Yellow and black reminders
Do you remember the Irish road works in the early 80s? There would be few under forty who would recall them now.
There wasn’t money in the County Council budgets for the plastic cones that proliferate everywhere, instead oil drums were used to mark road works in the country. Painted yellow and black, they were a tougher proposition than orange cones. Of course, even oil drums were not plentiful, were difficult to transport, and not easily handled, so sometimes even quite substantial excavations would be marked by no more than a handful. A colleague from the north once lost his sump on a main road when hitting an unannounced ramp at forty miles per hour.
Giving out about Ireland is easy – the hospitals are chaotic, the city roads log jammed, the drugs trade seems to grow exponentially (leafy Carrickmines the scene of the latest massive seizure of cocaine), and graffiti and vandalism abound. The list of grievances could have gone on to include political corruption, inflated prices and confiscatory taxes, but when the RTE news gets too much, I remember the oil drums.
If the oil drums were a mark of the old Ireland, the railway footbridges are a mark of the new. In the 1980s a footbridge over a railway line would probably have been a rusting relic from Victorian times, now we have fantastic structures in concrete, steel and glass that would grace any airport, they come complete with lifts for people with impaired mobility.
“They’re a bit over the top”, a friend commented.
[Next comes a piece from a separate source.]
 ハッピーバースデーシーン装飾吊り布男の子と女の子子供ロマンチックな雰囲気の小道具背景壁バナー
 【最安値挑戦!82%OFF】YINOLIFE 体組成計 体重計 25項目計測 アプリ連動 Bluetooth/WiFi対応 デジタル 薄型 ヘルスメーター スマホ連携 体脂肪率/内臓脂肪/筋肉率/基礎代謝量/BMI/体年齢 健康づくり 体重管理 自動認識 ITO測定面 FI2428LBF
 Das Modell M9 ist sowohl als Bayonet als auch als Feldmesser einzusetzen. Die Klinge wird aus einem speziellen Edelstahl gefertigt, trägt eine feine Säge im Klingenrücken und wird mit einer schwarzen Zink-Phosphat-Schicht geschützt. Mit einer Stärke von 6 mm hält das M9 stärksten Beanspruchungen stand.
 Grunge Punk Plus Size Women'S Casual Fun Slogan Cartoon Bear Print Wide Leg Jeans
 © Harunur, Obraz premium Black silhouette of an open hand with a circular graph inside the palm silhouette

Maybe they are, but the Victorians were very over the top with their great edifices in brick and iron, and left a great legacy that still endures.
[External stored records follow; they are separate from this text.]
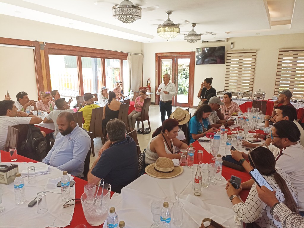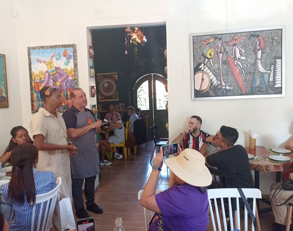 Su chef, Leandro Díaz, cocinero dominicano Marca País nos recibió y nos brindó una degustación de algunos de sus platos urbanos, entre ellos catavías, flores de plátano, sancocho dominicano, pescado frito al estilo Boca Chica (playa cercana a Santo Domingo donde se estila freír el pescado acompañándolo de morito), el barrigón (chicharrón horneado) y, como postre, un pudín de pan con casquillo de guayaba y licor de guavaberry.
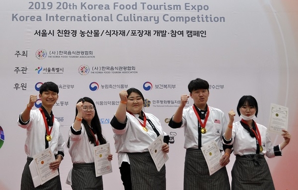 이번 조리경연대회 참가팀은 외식프랜차이즈학과 2학년 윤설희·이승연·이지윤·이재경 학생과 1학년 박지훈 학생 등 총 5명으로 구성됐으며, 학과 창설 후 처음 참가한 조리경연대회에서 금상을 수상하는 쾌거를 이뤘다.
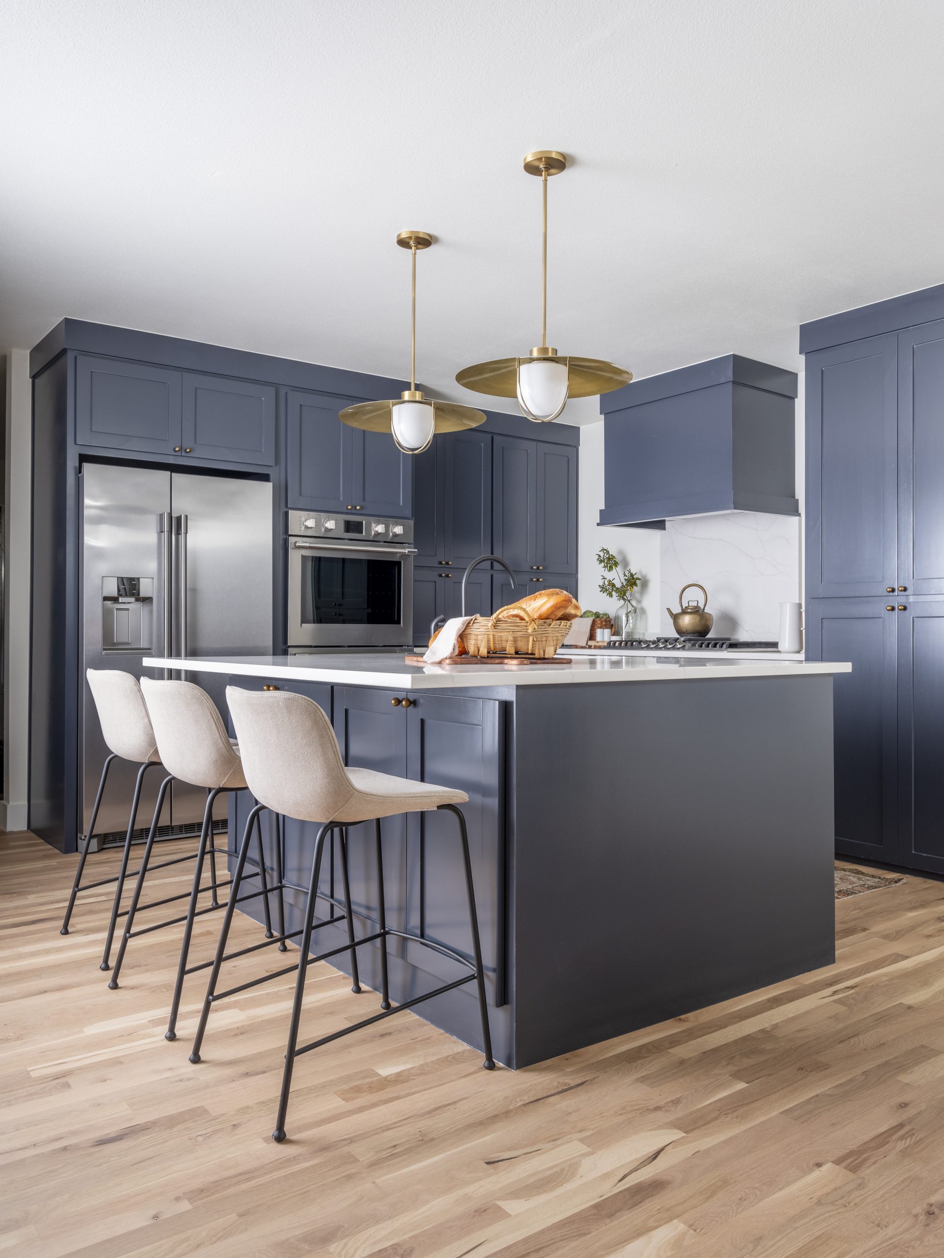 One of the main things Rick and Lisa wanted to change was this weird hexagon-shaped kitchen. It had a large peninsula island that forced you to walk a long way around to get inside the kitchen. It was dated and not functional at all. We completely gutted the kitchen, removing a wall and the tray ceiling and making it more of an open concept. We opted for a smaller island this time for better flow. Lisa likes dark cabinets, so we chose this dark blue shade that also brings weight to this side of the house and mimics the blue water of the lake.

Stories of problems in hospitals, of bus drivers striking about where they take their tea breaks, of disputes at Dublin airport, recall the news stories of the 1980s and the grimness of so much of Irish life in those times. But until the footbridges stop being built and the oil drums reappear, things are infinitely better than they were.
Reading of road works took me back to when I was touring around the Beara Peninsula 3 years ago rounding a corner there was a 25t 360 degree tracked excavator with a rock pick attachment stood on one side of the road reaching across and pecking away at the rock face, widening the road. They wre using the oil drums and the ‘banksman’ beckoned me on and I had to drive under the excavators outstretched arm, I roared with laughter! brilliant!! there is no way I could do that in England with our ‘Health and Safety’ police!!!!! Dont let your road menders change.
Les,
I sit on the Irish board of an English-based organization, we meet three times a year and most of the time seems to be spent discussing “structures” and “risk assessments”. I am not aware that England is a noticeably more organized or safe place. I think there is much to be said for plain common sense!
Ian
I couldn’t agree more, we were having a Managers meeting yesterday where our Health and Safety Manager was telling us that in the 6 months since we have had to fit ladder gates 3 people have fallen down a ladder,the year before ladder gates were fitted no falls!